Schema Version: 1.0.0
Structure
{
"metadata" : {
"version" : 15 ,
"updated_at" : "2026-03-05T14:30:00Z"
},
"persons" : {
"Alex Hormozi" : {
"canonical" : "Alex Hormozi" ,
"aliases" : [ "alex hormozi" , "hormozi" , "Alex H" ],
"sources" : [ "HR001" , "HR002" , "CG005" ],
"mention_count" : 147 ,
"has_agent" : true ,
"has_dna" : true
}
},
"roles" : {
"CLOSER" : {
"canonical" : "CLOSER" ,
"aliases" : [ "closer" , "sales closer" , "closers" ],
"mention_count" : 89 ,
"mention_breakdown" : {
"direct" : 75 ,
"inferred" : 10 ,
"emergent" : 4
},
"weighted_score" : 85.5 ,
"sources" : [ "CG001" , "CG002" , "JM001" ],
"has_agent" : true ,
"domain_ids" : [ "SALES" ]
}
},
"themes" : {
"processo-vendas" : {
"canonical" : "processo-vendas" ,
"theme_code" : "02-PROCESSO-VENDAS" ,
"aliases" : [ "sales process" , "processo de vendas" ],
"occurrence_count" : 234 ,
"sources" : [ "CG001" , "JM001" , "HR003" ],
"has_dossier" : true ,
"domain_ids" : [ "SALES" ]
}
},
"concepts" : {
"Farm System" : {
"canonical" : "Farm System" ,
"aliases" : [ "farm system" , "the farm" ],
"layer" : "L4" , // DNA layer
"occurrence_count" : 42 ,
"sources" : [ "CG001" , "CG002" ]
}
}
}
Usage
from core.intelligence.entity_normalizer import normalize_entity
result = normalize_entity( "alex hormozi" , "person" )
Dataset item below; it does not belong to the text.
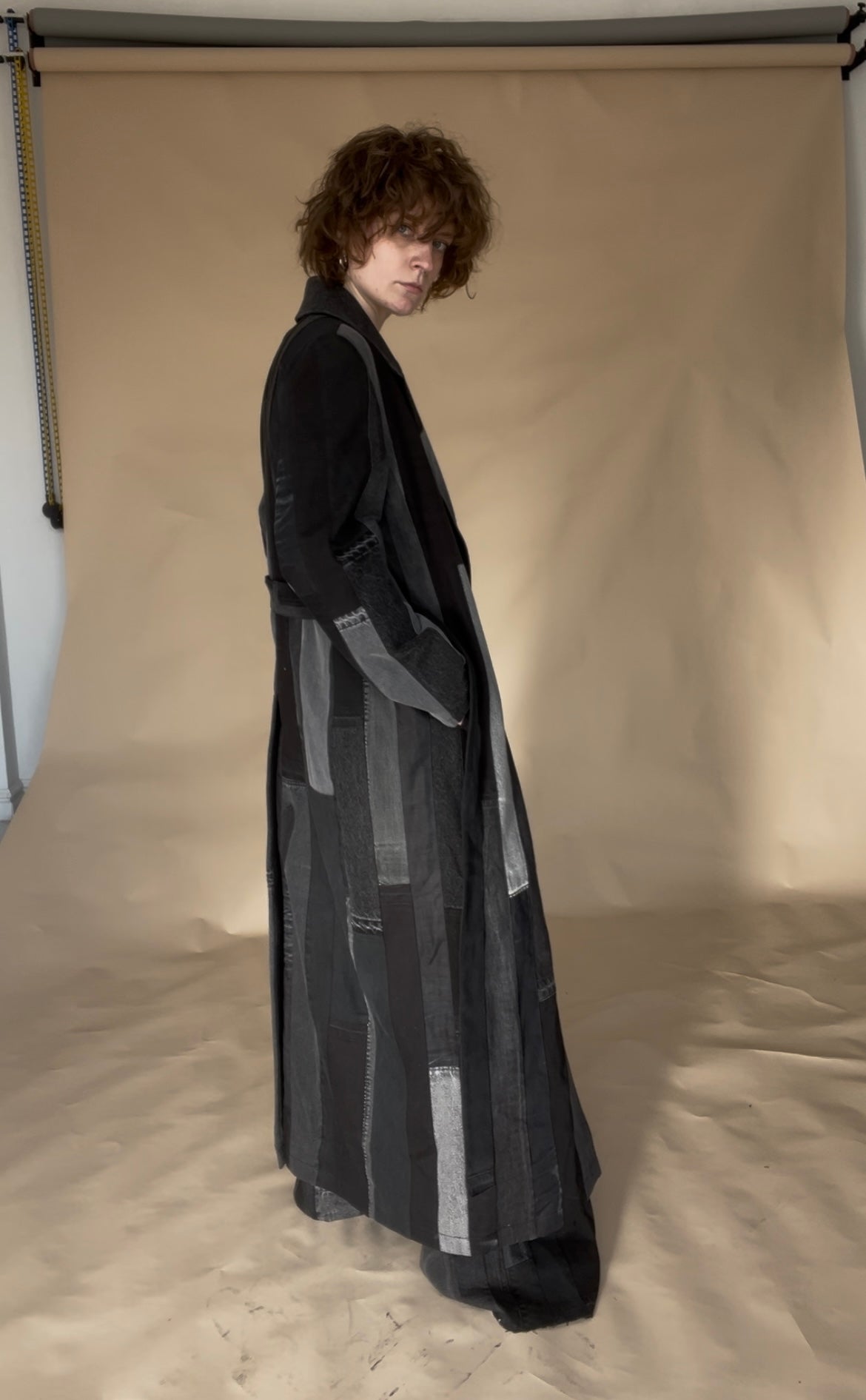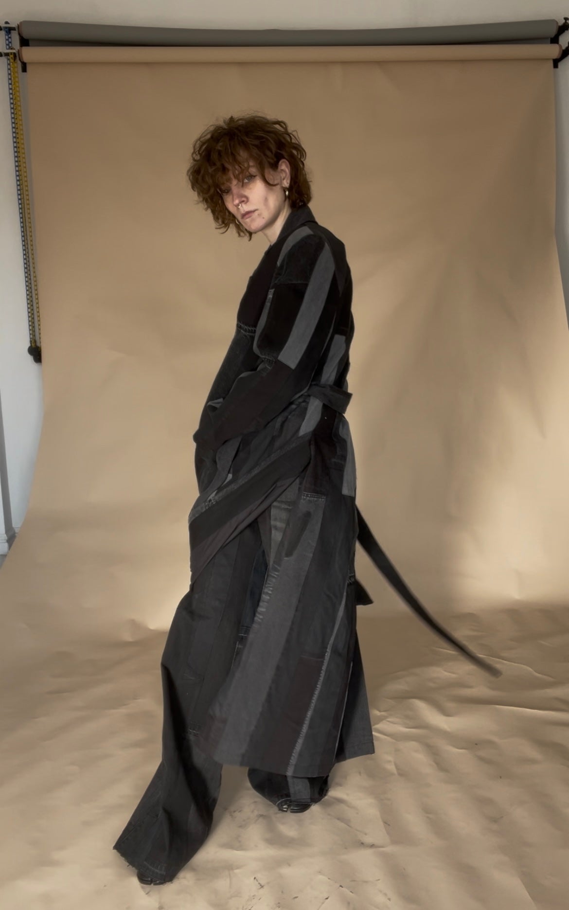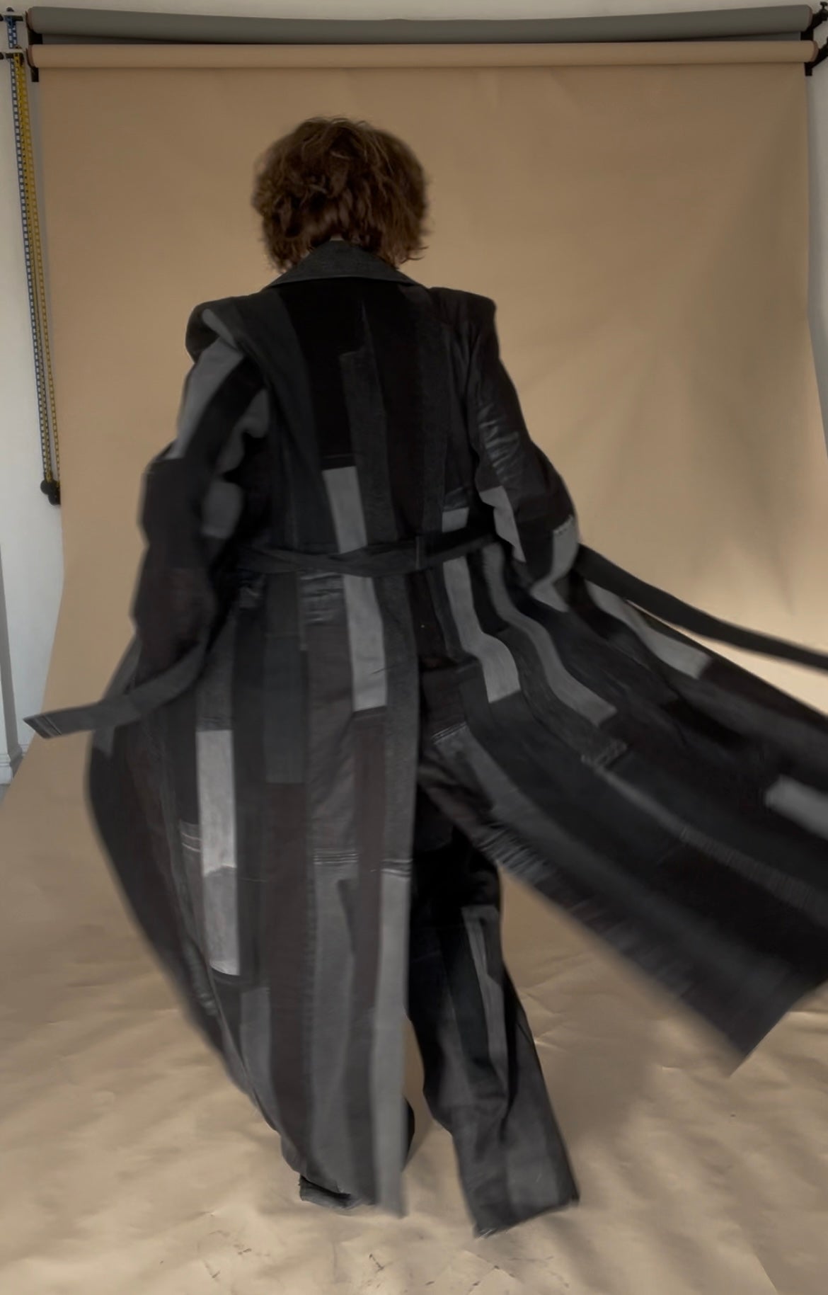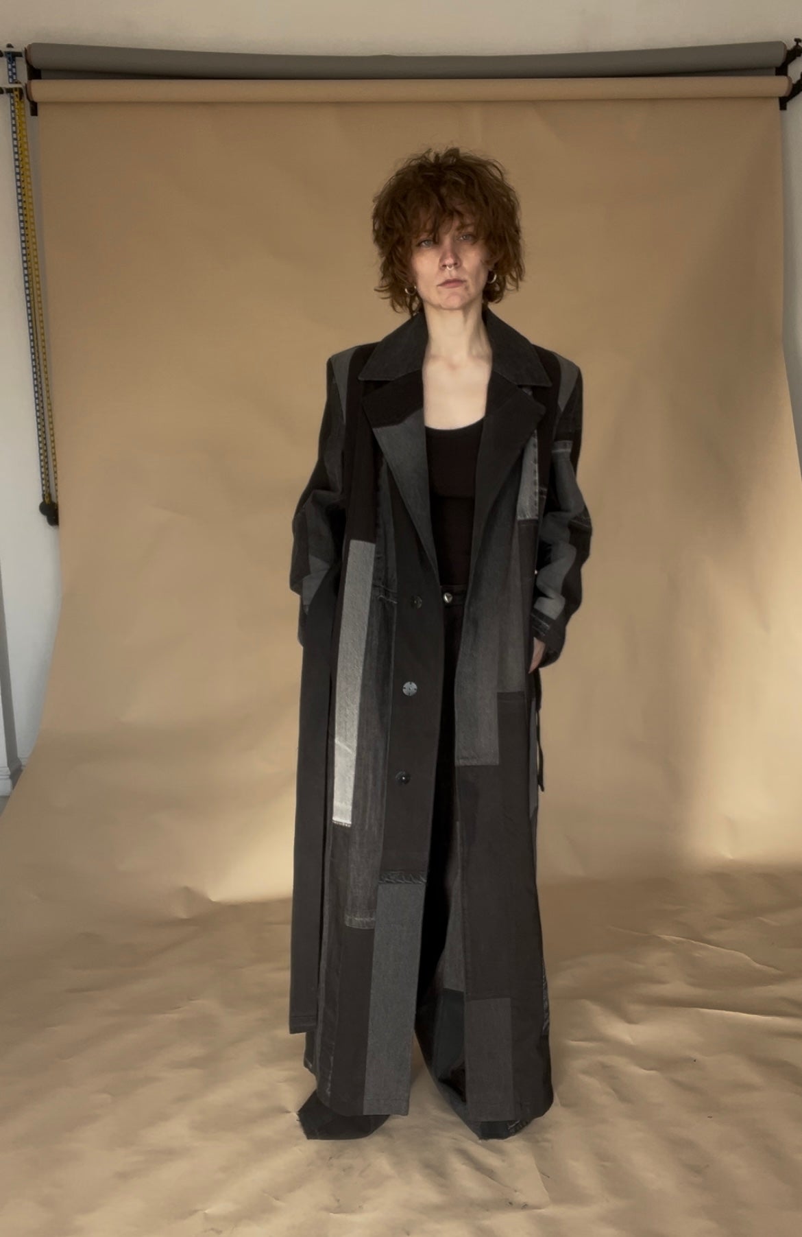 Our Upcycle Trench are not only made in a patchwork technique to minimize production waste, but they are also crafted from second-hand jeans. We carefully select and acquire pre-owned denim, thoroughly wash and revitalize it, and skillfully cut off any damaged or unusable parts. By creatively transforming these reclaimed materials, we give them new life as unique and sustainable trench. Each our Upcycle Trench maintains 100% consistency in style and fit. However, due to the nature of the patchwork process, the combination of patchwork pieces may vary slightly from one pair to another. This individuality adds to the charm and story of each trench, ensuring that your trench are truly one-of-a-kind. Join us in our mission to reduce waste and embrace the beauty of upcycled fashion with our Upcycle Ttench. Each trench carries its own unique narrative, blending sustainability, style, and the art of creative reinvention.

# Returns: {"canonical": "Alex Hormozi", "match_type": "alias", ...}
Source: core/schemas/canonical-map.schema.json:1-xxx
insights-state.schema.json
Extracted insights with DNA layer classification.
Schema Version: 1.0.0
Structure
{
"metadata" : {
"version" : 8 ,
"updated_at" : "2026-03-05T14:30:00Z"
},
"insights_state" : {
"persons" : {
"Cole Gordon" : {
"HIGH" : [
{
"insight_id" : "INS-CG001-001" ,
"chunk_id" : "CG001-005" ,
"content" : "The farm system requires 3 closers per setter to maintain balance." ,
"dna_layer" : "L4" , // FRAMEWORKS
"priority" : "HIGH" ,
"confidence" : 0.95 ,
"themes" : [ "01-ESTRUTURA-TIME" , "02-PROCESSO-VENDAS" ],
"extracted_at" : "2026-03-05T12:30:00Z"
}
],
"MEDIUM" : [ ... ],
"LOW" : [ ... ]
}
},
"themes" : {
"processo-vendas" : {
"HIGH" : [ ... ],
"MEDIUM" : [ ... ],
"LOW" : [ ... ]
}
}
}
}
DNA Layer Mapping
Layer Name Example Insight L1 PHILOSOPHIES ”Sales is a transfer of belief” L2 MENTAL-MODELS ”Think in systems, not tactics” L3 HEURISTICS ”If close rate < 20%, problem is qualification” L4 FRAMEWORKS ”CLOSER framework: C-L-O-S-E-R steps” L5 METHODOLOGIES ”Step 1: Clarify problem. Step 2: Label pain…”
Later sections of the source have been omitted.